Ariana Grande only wants you to see the left side of her face. All the better, it seems, to view the dimple on the pop star’s left cheek. When reports surfaced that she “stormed out” of a photoshoot with a Sydney photographer who broke her left-side-only policy, her ego-protecting list of demands bubbled into public consciousness: Don’t ask questions about Mariah Carey; don’t shoot in natural light; do shoot only from the left side of her face.
Grande vehemently denied the reports on Mike E and Emma on 96.1, saying she “left to change my outfit mid photoshoot because I didn’t like my top.” When she returned, the photographer “had left.”
Whether that’s true or not, the no-right-side preference seem supported by her public actions. She appeared on an Australian morning show recently serving dimple at every turn (or lack thereof). And if you watch the video for “Break Free,” released last month, the portside motif becomes undeniable. The video is a near four-minute exercise in facial discrimination.
This quirk only cements the popular impression of Grande as the second coming of the original queen of melisma and mugging, Mariah Carey. It's widely believed that Tommy Mottola, former head of Sony Music and her long-time manager/husband, hammered into a 19-year-old Carey that she should put her best face forward, but only if it was the right side of that face.
It wasn’t until the release of 1999’s Rainbow that an album cover (her seventh, post-split with Mottola) accurately portrayed both sides of her visage.

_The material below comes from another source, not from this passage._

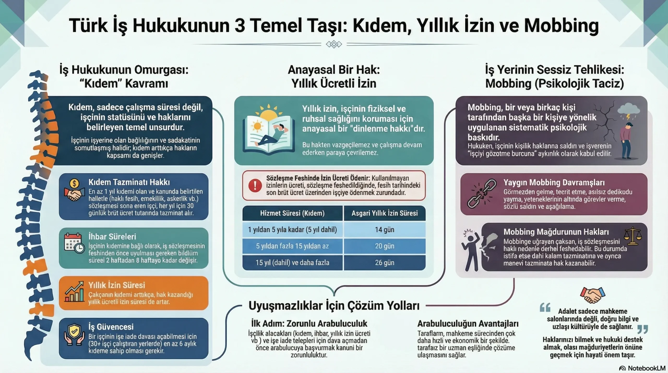 İş hayatı, işverenler ve çalışanlar arasında kurulan hukuki bir denge üzerine kuruludur. 4857 sayılı İş Kanunu, bu ilişkinin temel anayasası olsa da; kıdem kavramı, yıllık izin hakları ve son yıllarda giderek daha fazla gündeme gelen “mobbing” (psikolojik taciz), çalışma barışını en çok etkileyen unsurlar olarak karşımıza çıkmaktadır.

And only in 2009 did Carey finally acknowledge she had overcome her complex, telling the Associated Press, “I don't feel like, 'Oh, I have to be on this side, or I have to be on this side'—I really had specific things that someone told me when I was 19 starting in the business and I listened to them … I don't care anymore.”
Almost in a parody of herself, Carey was then plagued by this promo interview for American Idol last year. She fights a visible battle with self-consciousness, rubbernecking awkwardly away from the camera.

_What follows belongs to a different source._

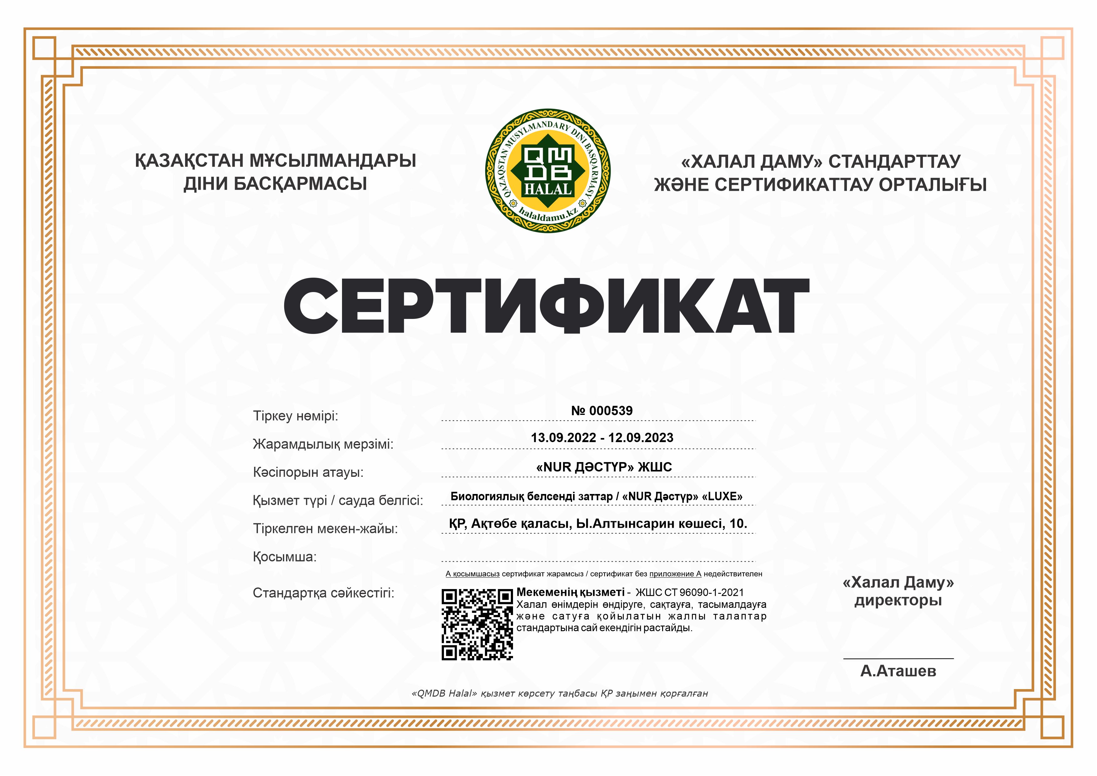 Сертфикат действителен до 14 сентября 2023 г.

Hey—nobody’s perfect. For Old Hollywood actress Claudette Colbert, the spotlight shone wholly on the left. Penny Staling writes in Flesh and Fantasy that Colbert “took the studio makeup analysts at their word when they advised her that she should be photographed only from the left, that being her good side. She was known to demand that entire sets be rebuilt if the position of a doorway called for her to enter with her right side exposed to the camera. She even covered the right side of her face with green greasepaint so her cameraman would remember her best angles.”
When reviews for her starring role in the Oscar winner It Happened One Night were published, a disproportionate number of words were lent to describing her apple-faced beauty. “But that is the lot of every woman," she quipped in response, "to be judged on her feminine assets of figure and face!" Colbert acquiesced to that idea to a degree that now seems tragic; watching back her catalog with a “spot-the-right-side” drinking game, one wouldn’t even start to feel tipsy. In this vintage diagram, Colbert critiques her own beauty. “When she was little, she poked pebbles into her nose,” it reads. “Now she thinks her nose is all wrong.”

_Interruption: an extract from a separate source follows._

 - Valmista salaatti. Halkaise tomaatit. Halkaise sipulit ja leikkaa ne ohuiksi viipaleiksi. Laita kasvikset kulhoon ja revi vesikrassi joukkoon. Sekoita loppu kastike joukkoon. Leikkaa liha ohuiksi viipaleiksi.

The “one good side” idea has since become a cultural meme. Barbra Streisand made Oprah and Rosie O’Donnell flip their talk show sets to showcase her left profile. There’s even an episode of Entourage where Johnny Drama refuses to have his right side photographed.
Reality-defying image management from celebs isn't just about faces, of course. Beyoncé (or at least her publicist) tried to control the Internet after her “unflattering” Super Bowl snaps flooded websites. Kanye successfully strong-armed image service Getty to expunge any pictures of Ye in a skirt.
The point is: We’re so vain. Laugh at stars’ insecurity if you want, but then think about whether you or anyone you know has tried to untag an unsightly photo on Facebook, or insist upon a do-over on the Christmas card shots. Then imagine being under unforgiving scrutiny of the public eye, or when a camera is trained on you at all times, waiting for you to awkwardly blink or suffer a nip slip. Disguising imperfections (if you can call them that) is something we all try to do in one form or another—in fact, the pettiness of Grande & co. almost makes them seem more human.
Inevitably, though, pulling a Grinch post-shave paper bag trick only highlights what you’re trying to hide. The recent Internet clamor (an open letter from her right cheek?) is a sign Grande’s efforts have been, well, in vain.